#### Work task:
In the listing that follows, the range to quote begins at the line that has "스킬창에서 두번클릭해서 사용" and ends after the line that has "6.12.1 Buy Beaumaris"; quote it verbatim and add nothing.

#### Given data:
Content starts
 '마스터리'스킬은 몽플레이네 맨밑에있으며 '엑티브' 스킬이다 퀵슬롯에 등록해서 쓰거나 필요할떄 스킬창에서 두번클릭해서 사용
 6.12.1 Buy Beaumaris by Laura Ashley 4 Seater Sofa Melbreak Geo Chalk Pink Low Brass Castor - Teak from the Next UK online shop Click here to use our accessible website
Content ends
Content starts
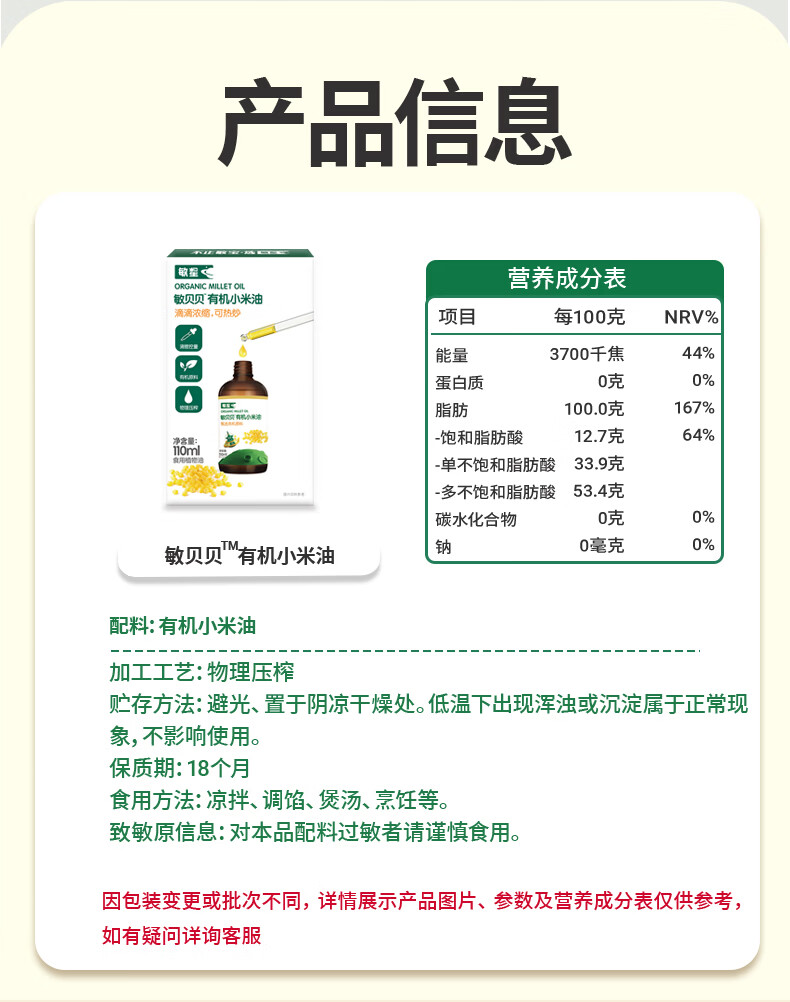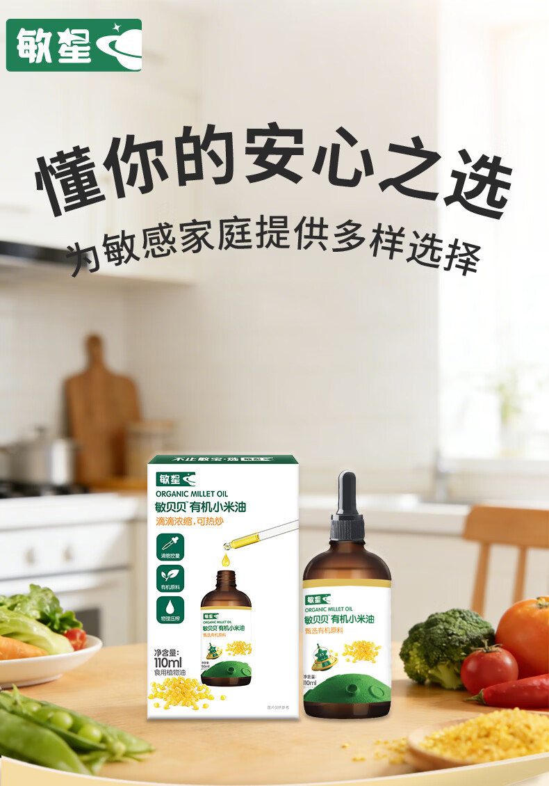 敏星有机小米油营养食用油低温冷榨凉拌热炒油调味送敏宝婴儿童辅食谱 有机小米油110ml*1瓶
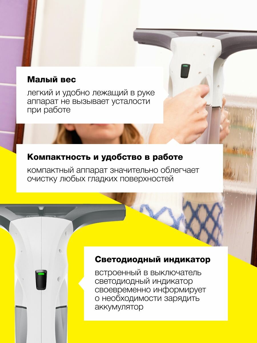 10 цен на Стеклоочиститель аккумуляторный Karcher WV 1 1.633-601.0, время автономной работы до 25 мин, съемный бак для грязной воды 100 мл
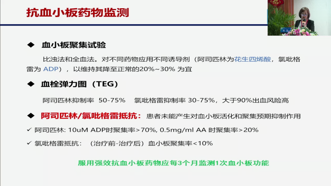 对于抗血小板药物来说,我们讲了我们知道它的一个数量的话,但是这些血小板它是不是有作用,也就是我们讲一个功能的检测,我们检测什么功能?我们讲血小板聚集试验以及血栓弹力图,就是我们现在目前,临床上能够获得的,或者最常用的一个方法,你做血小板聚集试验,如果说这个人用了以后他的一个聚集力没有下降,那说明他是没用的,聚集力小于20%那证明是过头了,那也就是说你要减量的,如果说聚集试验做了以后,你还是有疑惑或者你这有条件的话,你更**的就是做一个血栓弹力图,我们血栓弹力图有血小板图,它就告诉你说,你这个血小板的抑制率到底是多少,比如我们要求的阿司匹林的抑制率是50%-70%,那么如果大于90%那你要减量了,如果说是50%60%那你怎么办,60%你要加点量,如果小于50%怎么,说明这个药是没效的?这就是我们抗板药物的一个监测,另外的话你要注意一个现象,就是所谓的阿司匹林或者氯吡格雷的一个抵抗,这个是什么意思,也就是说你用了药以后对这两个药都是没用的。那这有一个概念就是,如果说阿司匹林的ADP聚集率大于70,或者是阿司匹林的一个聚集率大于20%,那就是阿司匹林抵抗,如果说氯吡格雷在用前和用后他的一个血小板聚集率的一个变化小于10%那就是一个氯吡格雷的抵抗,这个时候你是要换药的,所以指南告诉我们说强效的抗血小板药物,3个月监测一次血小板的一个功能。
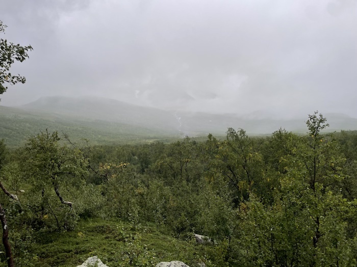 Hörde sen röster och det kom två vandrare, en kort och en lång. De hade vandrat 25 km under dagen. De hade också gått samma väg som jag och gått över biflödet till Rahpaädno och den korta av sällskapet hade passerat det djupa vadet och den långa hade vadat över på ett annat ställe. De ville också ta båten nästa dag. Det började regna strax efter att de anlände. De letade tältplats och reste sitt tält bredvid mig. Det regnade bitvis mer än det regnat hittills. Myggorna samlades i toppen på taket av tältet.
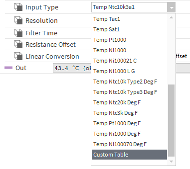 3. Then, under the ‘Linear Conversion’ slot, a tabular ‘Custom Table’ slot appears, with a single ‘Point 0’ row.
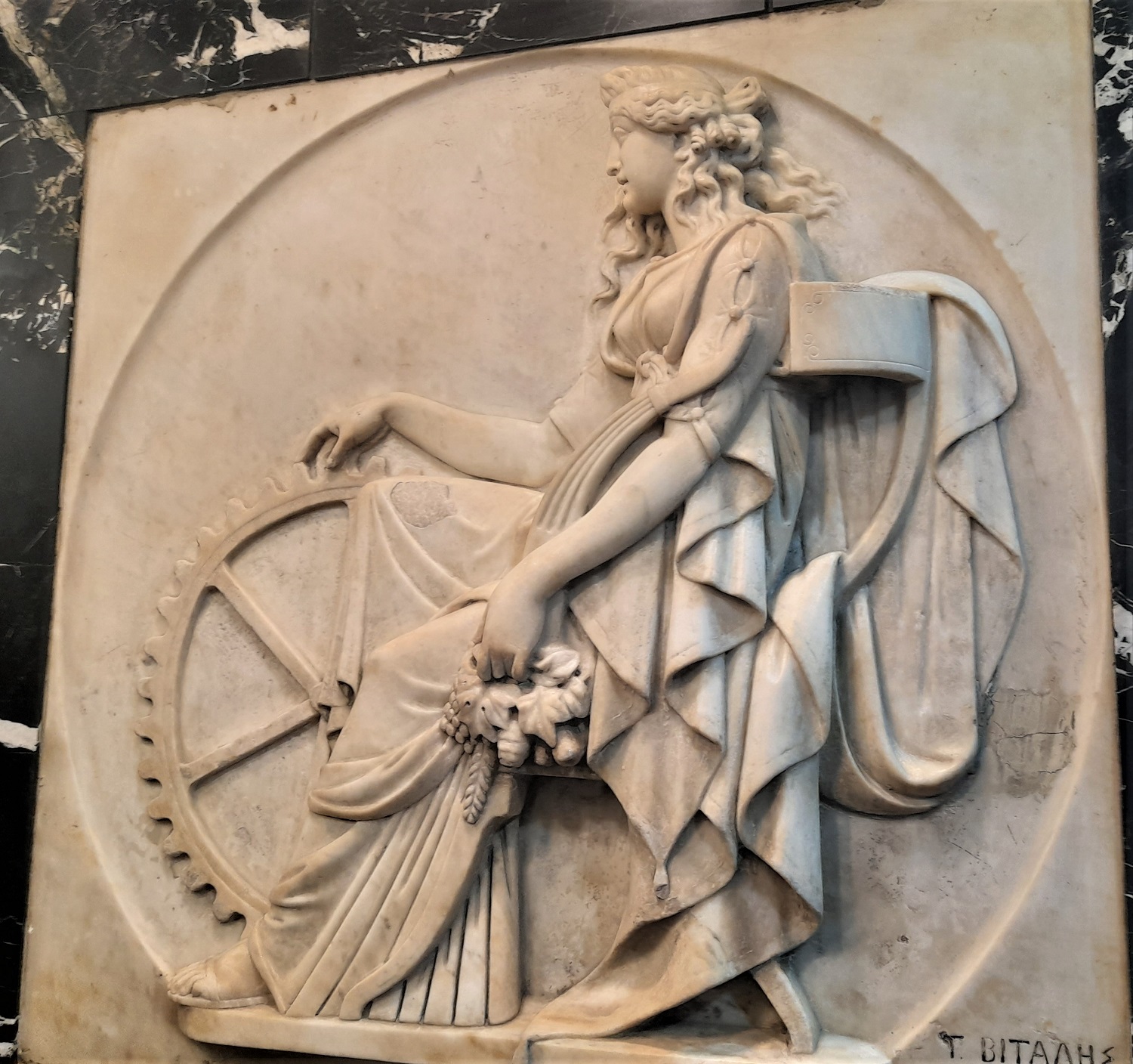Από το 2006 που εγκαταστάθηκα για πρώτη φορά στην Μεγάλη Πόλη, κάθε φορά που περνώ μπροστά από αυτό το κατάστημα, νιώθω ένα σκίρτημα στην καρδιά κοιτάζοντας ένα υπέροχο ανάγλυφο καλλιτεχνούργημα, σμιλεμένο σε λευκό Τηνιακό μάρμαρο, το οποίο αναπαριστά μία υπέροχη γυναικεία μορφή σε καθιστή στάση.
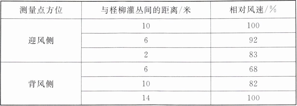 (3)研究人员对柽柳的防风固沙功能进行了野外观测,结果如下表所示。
Content ends
#### Response to this exercise:
 '마스터리'스킬은 몽플레이네 맨밑에있으며 '엑티브' 스킬이다 퀵슬롯에 등록해서 쓰거나 필요할떄 스킬창에서 두번클릭해서 사용
 6.12.1 Buy Beaumaris by Laura Ashley 4 Seater Sofa Melbreak Geo Chalk Pink Low Brass Castor - Teak from the Next UK online shop Click here to use our accessible website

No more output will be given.